State officials want to remove its herpes-excreting wild monkeys

State officials want to remove its herpes-excreting wild monkeys

State officials want to remove its herpes-excreting wild monkeys

Although state officials have not specified exactly how the monkeys would be removed, they have indicated a willingness to fully remove the invasive macaques, creatures native to Asia which have settled in Ocala, Sarasota, and Tallahassee.

Researchers contemplating a developing populace of rhesus macaques in Silver Springs State Park say that instead of simply conveying herpes B, which is regular in the species, a portion of the monkeys have the infection in their spit and other organic liquids, representing a potential danger of spreading the illness.

Scientists studying the monkeys found that some of the animals excrete herpes through saliva and other body fluids, which poses a risk to humans. Be that as it may, the specialists, who distributed their discoveries in the CDC diary Emerging Infectious Diseases, say the issue has not been completely considered.

But the Florida Fish and Wildlife Commission urges people that come in contact with them to keep a safe distance. "This can be done in a variety of ways", spokeswoman Carli Segelson said in an email. The population boomed to more than 1,000 and state officials worked to capture the animals as they were deemed a public health hazard.

Now almost 30% of the monkeys roaming the park are excreting the herpes B virus through saliva and other body fluids.

Samantha Wisely, a researcher at the University of Florida had been studying this non-native group of monkeys since 2015.

"The commission supports the removal of these monkeys from the environment to help reduce the threat they pose". Of those, 21 died from the disease.

Monkeys have also been spotted in Apopka, Fruitland Park and even in Pasco County. When the disease does occur, however, it can result in brain damage or death. At this point, population control may be more realistic than eradicating the monkeys. They had contracted it through monkey bites and scratches, according to the CDC. "Human visitors to the park are most likely to be exposed", wrote the study's authors, "through contact with saliva from macaque bites and scratches or from contact with virus shed through urine and feces".

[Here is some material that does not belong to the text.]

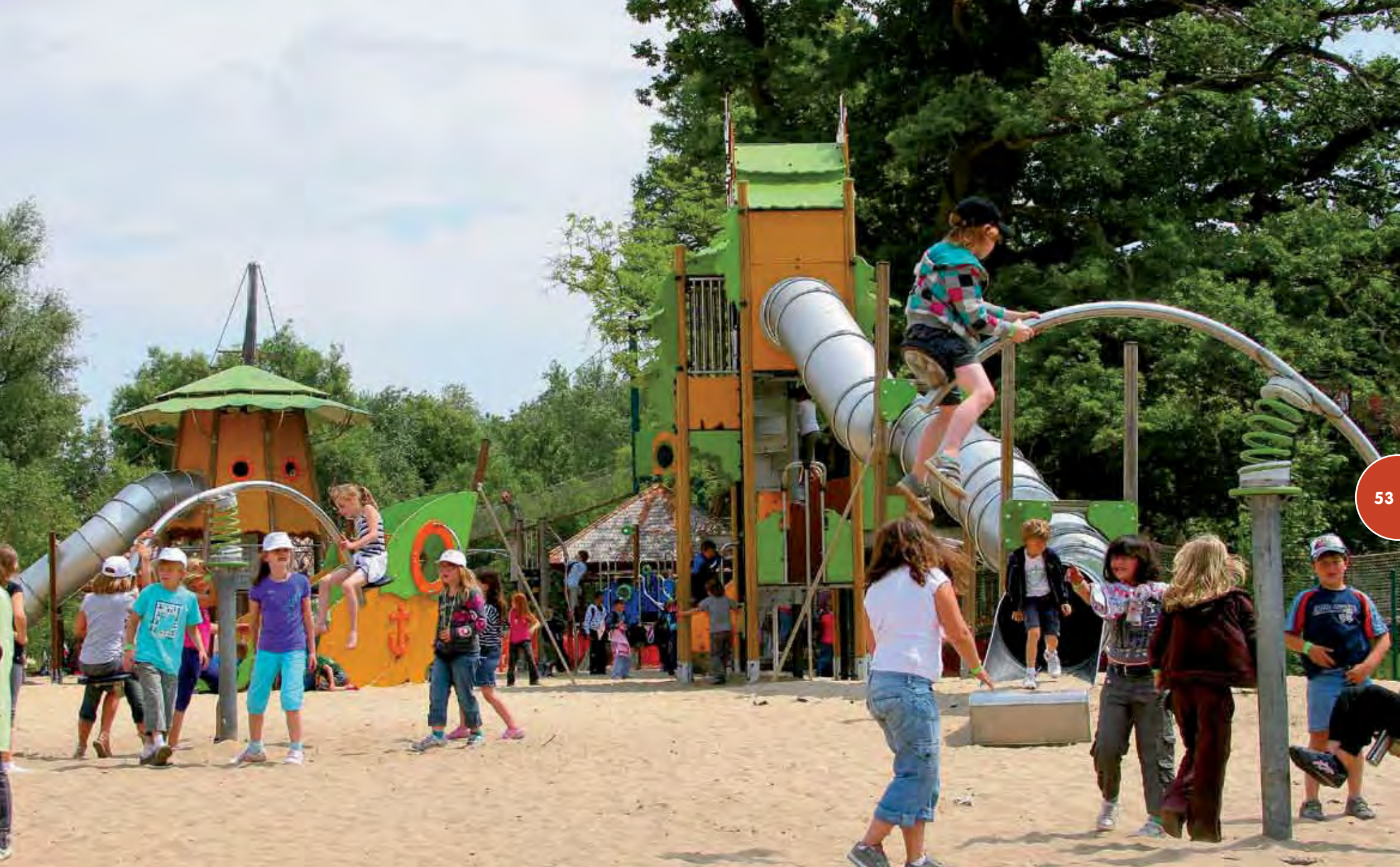
Brugellette (Paii Daiza) - België Speelterrein gerealiseerd met Kanopé-structuren en een Hip Hop-draaitoestel.

Macaques were introduced to the Sunshine State's Silver Springs State Park as a tourist attraction nearly 100 years ago.

The animals' forebears were brought to an island in the Silver River early in the 1930s as a tourist attraction due to the popularity of the Tarzan movies. They draw people to the state's parks and have become notorious for their interactions with humans. The paper recommends that Florida wildlife managers consider the virus in future policy decisions.